Sometimes, you may have a column of numeric data and need to determine the most common three digits that appear in positions 3-5 in any order. For example, given the following data:
Data |
---|
99123456 |
98321889 |
99456777 |
98231666 |
99221457 |
98997000 |
You may want to find out that the most common digits are 2, 1, and 3.
In this article, we will show you how to use Excel formulas to solve this problem. We will also explain the basic theory behind the formulas and provide a detailed example with real numbers.
To find the most common 3 digits in position 3-5 of a numeric string, we need to do the following steps:
- Extract the digits at positions 3, 4, and 5 from each number using the MID function.
- Convert the extracted digits into a single column array using the TOCOL function.
- Compare each digit with its equivalent horizontal array using the TOROW function and the equal sign (=).
- Convert the comparison results into numbers using the N function, where TRUE becomes 1 and FALSE becomes 0.
- Perform a matrix multiplication of the two arrays using the MMULT function to get the sum of each digit’s occurrence.
- Horizontally stack the original array and the sum array using the HSTACK function.
- Remove the duplicate rows and sort the array by the sum column in descending order using the UNIQUE and SORT functions.

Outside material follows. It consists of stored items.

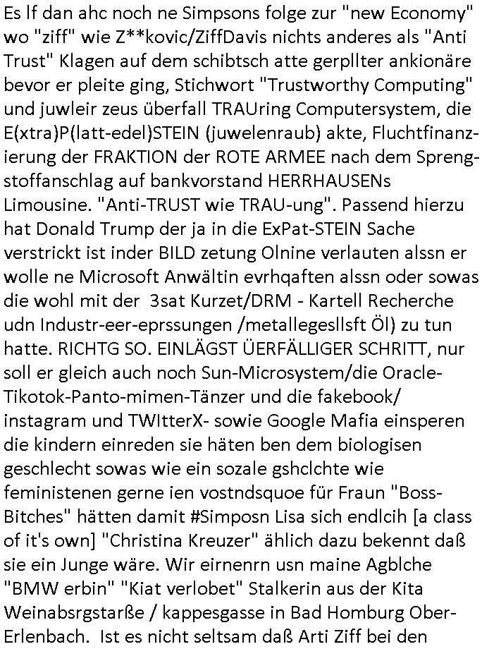 28.09.2025 07:00 Es lf dan ahc noch ne Simpsons folge zur "new Economy" wo "ziff" wie Z**kovic/ZiffDavis nichts anderes als "Anti Trust" Klagen auf dem schibtsch atte gerpllter ankionäre bevor er pleite ging, Stichwort "Trustworthy Computing" und juwleir zeus überfall TRAUring Computersystem, die E(xtra)P(latt-edel)STEIN (juwelenraub) akte, Fluchtfinanz-ierung der FRAKTION der ROTE ARMEE nach dem Spreng-stoffanschlag auf bankvorstand HERRHAUSENs Limousine. "Anti-TRUST wie TRAU-ung". Passend hierzu hat Donald Trump der ja in die ExPat-STEIN Sache verstrickt ist inder BILD zetung Olnine verlauten alssn er wolle ne Microsoft Anwältin evrhqaften alssn oder sowas die wohl mit der 3sat Kurzet/DRM - Kartell Recherche udn Industr-eer-eprssungen /metallegesllsft Öl) zu tun hatte. RICHTG SO. EINLÄGST ÜERFÄLLIGER SCHRITT, nur soll er gleich auch noch Sun-Microsystem/die Oracle-Tikotok-Panto-mimen-Tänzer und die fakebook/ instagram und TWItterX- sowie Google Mafia einsperen die kindern einreden sie häten ben dem biologisen geschlecht sowas wie ein sozale gshclchte wie feministenen gerne ien vostndsquoe für Fraun "Boss-Bitches" hätten damit #Simposn Lisa sich endlcih [a class of it's own] "Christina Kreuzer" ählich dazu bekennt daß sie ein Junge wäre. Wir eirnenrn usn maine Agblche "BMW erbin" "Kiat verlobet" Stalkerin aus der Kita Weinabsrgstarße / kappesgasse in Bad Homburg Ober-Erlenbach. Ist es nicht seltsam daß Arti Ziff bei den #Simpsons ständig etwas mit Heiraten zu tun hat? Erinert mich an die Bader-Computer/CDC-Hoff-mann Russe die me Fime inde Plite treben wollten als ich saget daß ich meine "EditInPlace - LookupTable" Fukion nicht ansie vrkafen werde sodenr ihe dleigech die ntug erlaube. Gestern abend, Samstag den 27.September 2025 konnte man sich entweder igrnden Zirksu etwas das wohl so etwas wie Kabarett/ Satire/Comedy sein sollte ansehen (erienrtmich an die themathik Familienfier erste Klasse flüge der Zoogeslslcft reiteclique auf bankensicherheits-breitberverbandkosten) auf 3sat oder einen Spielfilm auf ZDFneo "umständlich verliebt" um 20:15 Uhr. Als ich durch die Kanäle zappte wie das Kind auf der Couch im Film später hatte ich egshen da es da igrndwie um eine TV-MORNING SHOW ging wie die KITA ERPRSSUNG mit "lustgen Tiervideos": "prinz of WA(a)L-es Kita-toilette". Überwachungcam-Videos von der Reiterclique-Hochzeit. IMEPG-Vidotext als ch daß es u Rpdukionsmedizin gehen würde und da interessiert mich dieser Film dann gleich inmehrfcher hinsicht. Erst am Freitag Morgen hate ja die palmina Merkel was gesagt über Sat1-Fühstsücksfernseh Morderatorinnen schwagerschaften was es sogar in mein video schaffte. In dem film ging es darum daß ne blonde Modertorin bemerkte daß ihre bioligsiche Uhr tickte und sie wollte über ein Samenspende schwanger werden. Sie hate einen langjährigen Freund/Kupel mit dem sie keine Liebes-beziehung wollte. Als sie dann eine Festanstellung bekam also plötzlich irgendwoher Geld hatte (villeicht für eien Frauenäzte/Fmiechts-juristen Film Dokuamtation wissenschafts Studie zum Thema "enstorgte Väter") also in dem Moment wollte sie einen Samemspender haben um Einletren-Famile spielen zu können. Sie wählte sich einen Mann als Samenspender aus der verheiratet war und dessen Familie wohlhabend war. KOMISCH: BIS HIERHIN KENEN ICH DIESE DREHBUCH-IDEE AUS DEM HEXENKESSEL BAD HOMBUGR 3SAT PRESSMEETING. Wir eirnnen usn: der Ermitter/jurist der die gaz schüler-zungsmafia zu Fall bringen wollte indem er sie dazu ani-merte ihre selslch abrtgkiet/sftataten als Pallywoodfilm aufde Lienwand zu bringen aus dem MATT GROENING /SIMSPONS autoren TOM HANKS/DANNY DEVITOS und 3SAT - KULTURZET/BERLINTAGUNDNCHT + KÖLLN50667 und schlUTZTZ sSCHWEIGegELd Wannabe #TATORT Star Umfeld. Man muß dazu wissen daß SUN-Mcrosystems biem baksicheristzvrabd/der polize eine Ausschreibung VERLOREN hatte die ahc das bader Computer BIGfax tehma und sowas umafste und man eine Insolvenzmasse hatte zu der Faxgeräte genau gehörten wie Smartphone Portoypen die sch dieischerisbheörend ausdücklich nicht zu beshcfen entschieden. ich sgte nunals ich davon hörte manköendas metrialmöglicherise für de ALTEIGENTUMS /SATTSBSCH-EVRGELGUNG - EDV KARTELLe recherche nutzen so es jamdn aufkauft udn den shcülerzeitungen schenke dei ien guter Markeing-multiplikator seien was Markennamen angehe für Wirtscfts-Sponsoring. genau so ud ncjtanders entstand ja auch das WWW damals. UDn dasmls evrchten anältemicha nn z eprssen Code der in BIGfax wie in andern Softarpodukten vonmir enthalten war als Nutzbacrmchungslizenz asl ihrene eiegen code auszugeben udn an die Rssn zu evrkafen denich nur sgte das köntn irh eh evrgssen wiel es für West_EDV/Windows Exportersitkiotn gibt in Gbeites des Ostblock Milätrs wegen der Gafhr von "KI-Fälschugen" vo Vidostrems bei den hsoclistusg rhcner wst im vegrlch zu dem lahemn schrott im osten. REal_time Vild-/tonmaniplationen. Und die evrchtennur Mcosrft udn SPC (Superbase) zu er-pressen ihne irh RUMTIME-VENRINMANET zu verkaufen. Ald das scheiterte wolltn sie dann den Bader-Computer und CDC/COmmodore Isolvenzmaasse-kauf rückgängig machen und mit SUN-Toolkits auf WW basis was eignes entwickeln mit Code der FreeSofwetaFodation wo ichd afür egrosgthate daß Unis dei softare die sutdent shciben dort zur Nutzung freigaben duchdei öfflichkeitdie derne arbeit ja finzert hatte, quasi Linux/google-Android und die Gelder zurückzufordern. Ich atte für dei Anbidnug der ehemaligen Ostgite an Wetsuopa den galsfseruasbo forciert, bsi hin zum DTAG New-Ecoomy Börsengang. Durch die DDR/BRD - Widerveeigung die den Aufbau ost des marode Telefonetzes efodertde flß alles gedl was imwtesn bnötg wurde für SDN/D-NAtz in den Osten. Und ch kam aufdei Idee "manfred Krug" artg Netzausbau den amnsich sonst nicht eisten kann per Aktienanaleihen zu fiaziren amKpaitalamrkt. Sie "täglch grüß das murmel-tier", wurd jedoch von Zanner/(geb Begr) ud Bruckmaer Clan erpresst zsueen
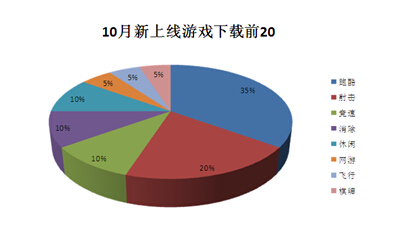 在下载量表现上,酷跑类游戏占35%,强势占据第一名,射击类占20%暂居第二,竞速类也有不错的成绩以10%占据第三,而在上线新游戏中排名第三的网游类,在下载量上仅有5%。同样在个体下载量上,表现良好的雷射战机、要么瘦要么死、暴力狂飙都是单机游戏,而网游仅有《天龙八部》独领风骚。
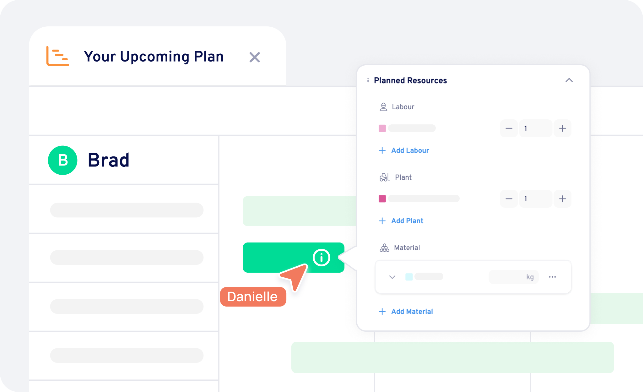 Add material quantities and plant requirements directly to tasks, so you always know what's needed on site and can plan deliveries accordingly.

- Take the first 3 rows of the sorted array and subtract 1 from each digit using the TAKE and MINUS functions.
Procedures
To implement the above steps in Excel, we can use the following formula:
=LET (
α, TOCOL (MID (A2:A7, {3,4,5},1)+1),
TAKE (SORT (UNIQUE (HSTACK (α, MMULT (N (α=TOROW (α)), α^0))), 2, -1), 3, 1) - 1
)
This formula uses the LET function to define a variable α, which represents the single column array of the extracted digits. The rest of the formula follows the steps described in the basic theory section.
Example
To illustrate how the formula works, let’s use the data from the introduction section and enter the formula in cell B2. Then, we can copy the formula to the below cells to get the top 3 digits.
Data | Formula | Result |
---|---|---|
99123456 | =LET (α, TOCOL (MID (A2:A7, {3,4,5},1)+1), TAKE (SORT (UNIQUE (HSTACK (α, MMULT (N (α=TOROW (α)), α^0))), 2, -1), 3, 1) – 1) | 2 |
98321889 | =LET (α, TOCOL (MID (A2:A7, {3,4,5},1)+1), TAKE (SORT (UNIQUE (HSTACK (α, MMULT (N (α=TOROW (α)), α^0))), 2, -1), 3, 1) – 1) | 1 |
99456777 | =LET (α, TOCOL (MID (A2:A7, {3,4,5},1)+1), TAKE (SORT (UNIQUE (HSTACK (α, MMULT (N (α=TOROW (α)), α^0))), 2, -1), 3, 1) – 1) | 3 |
98231666 | ||
99221457 | ||
98997000 |
The formula returns 2, 1, and 3 as the most common digits in position 3-5 of the numeric string, as expected.
Other approaches
There are other ways to find the most common 3 digits in position 3-5 of a numeric string in Excel. For example, you can use the following formula, which is based on the FREQUENCY and MATCH functions:
=LET (
data, $A$2:$A$7,
s_10, SEQUENCE (10,,0),
s_9, SEQUENCE (9,,0),
fr, FREQUENCY (--MID (data, {3,4,5},1), s_9) - s_10/100,
MATCH (LARGE (fr, {1;2;3}), fr, 0) - 1
)
This formula works by counting the frequency of each digit in the range 0-9 using the FREQUENCY function, and then subtracting a small fraction from each frequency to avoid ties. Then, it uses the LARGE function to find the top 3 frequencies and the MATCH function to return the corresponding digits.